10
REPERCUSSIONS
I felt that I had to bow and endure the censure of people from the lower end of society, but it was terrible when my own children criticized me, saying that they didn’t want to look at my face.
—KAWASHIMA RENKO
“Our family members all have very thin eyebrows,” Yoshiko’s grand-niece Kawashima Shōko said in Matsumoto recently. “Yoshiko used to thicken my mother’s eyebrows, using a chopstick with charcoal on the tip. This shows you how feminine Yoshiko really was. She also knit a sweater for my mother.”

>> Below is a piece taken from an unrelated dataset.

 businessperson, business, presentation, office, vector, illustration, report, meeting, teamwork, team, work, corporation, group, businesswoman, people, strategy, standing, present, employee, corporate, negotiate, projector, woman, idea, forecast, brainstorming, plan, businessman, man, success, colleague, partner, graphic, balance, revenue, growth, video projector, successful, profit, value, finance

There is no question that Yoshiko’s haircut was a momentous event, transforming her life from that day forward. It is also clear that the haircut and its ramifications transformed the lives of some of her Chinese relatives—an effect that persists to this day.
“I never met Yoshiko,” Shōko told me, speaking her Chinese-accented Japanese. “But my mother used to say that while she may have worked with the Japanese military, there’s no proof that she was a traitor to China. There’s no proof about any of those charges made against Yoshiko. My mother always wanted to tell this to the world.”

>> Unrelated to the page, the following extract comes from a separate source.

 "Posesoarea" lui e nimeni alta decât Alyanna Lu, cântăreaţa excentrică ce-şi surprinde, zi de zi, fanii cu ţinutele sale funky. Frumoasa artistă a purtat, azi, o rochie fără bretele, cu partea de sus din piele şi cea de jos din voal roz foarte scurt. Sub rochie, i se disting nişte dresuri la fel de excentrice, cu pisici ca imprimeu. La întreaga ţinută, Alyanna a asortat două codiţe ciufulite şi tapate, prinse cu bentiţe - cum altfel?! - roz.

I met Shōko for the first time in Matsumoto, at the gathering held each year to commemorate Yoshiko’s death. There is also a Kawashima Yoshiko Memorial Room in the town, with a collection of memorabilia, all part of attempts to rehabilitate the reputation of Matsumoto’s famed resident. I have seen Shōko address the audience at the annual memorial, somberly speaking out, as the family representative, against inaccurate biographies of Yoshiko. I have also accompanied Shōko to Yoshiko’s grave inside the grounds of Shōrinji, a nearby temple, where the marker avoids inflammatory comment and simply applauds Yoshiko for help in establishing the Japanese state in Manchuria.

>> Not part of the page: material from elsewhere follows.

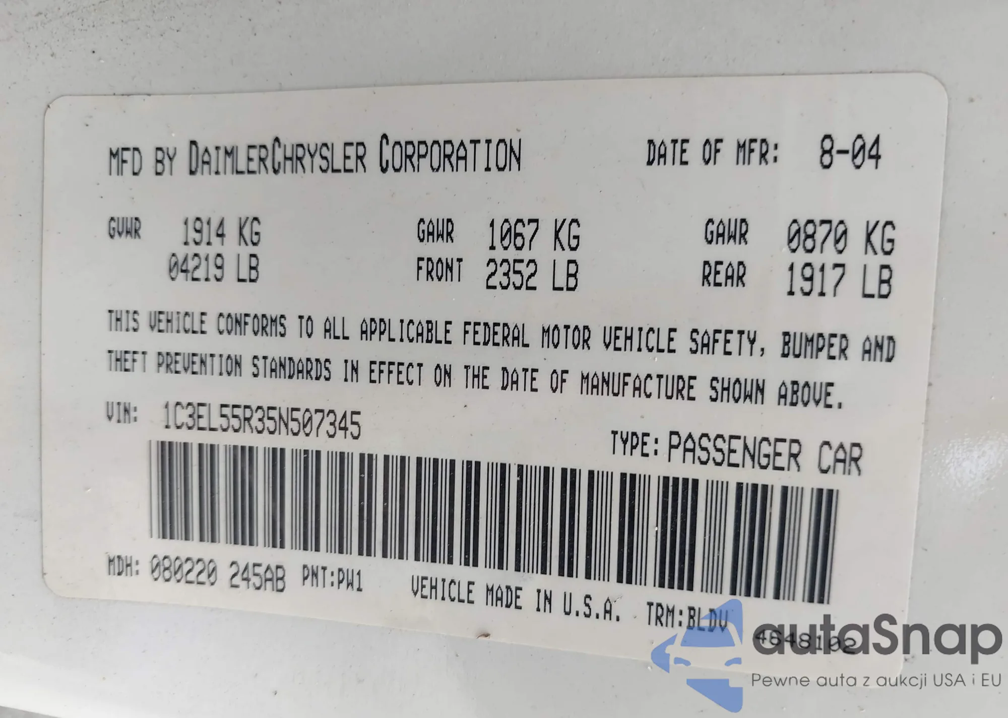 • VIN 1C3EL55R35N507345

Standing amid the temple’s gravestones, with their stern calligraphy, Shōko once spoke without drama of her own dramatic life. Though she thinks nothing of it, Shōko’s presence in Matsumoto now seems a matter of wonder, reflecting nothing less than the entire history of China and Japan in the twentieth century. Shōko told me about her Chinese husband, whose mind was shattered by the Cultural Revolution; turning to the Japanese side of her story, she spoke of her family’s long connection to Kawashima Naniwa and how she never sees his descendants, who live nearby.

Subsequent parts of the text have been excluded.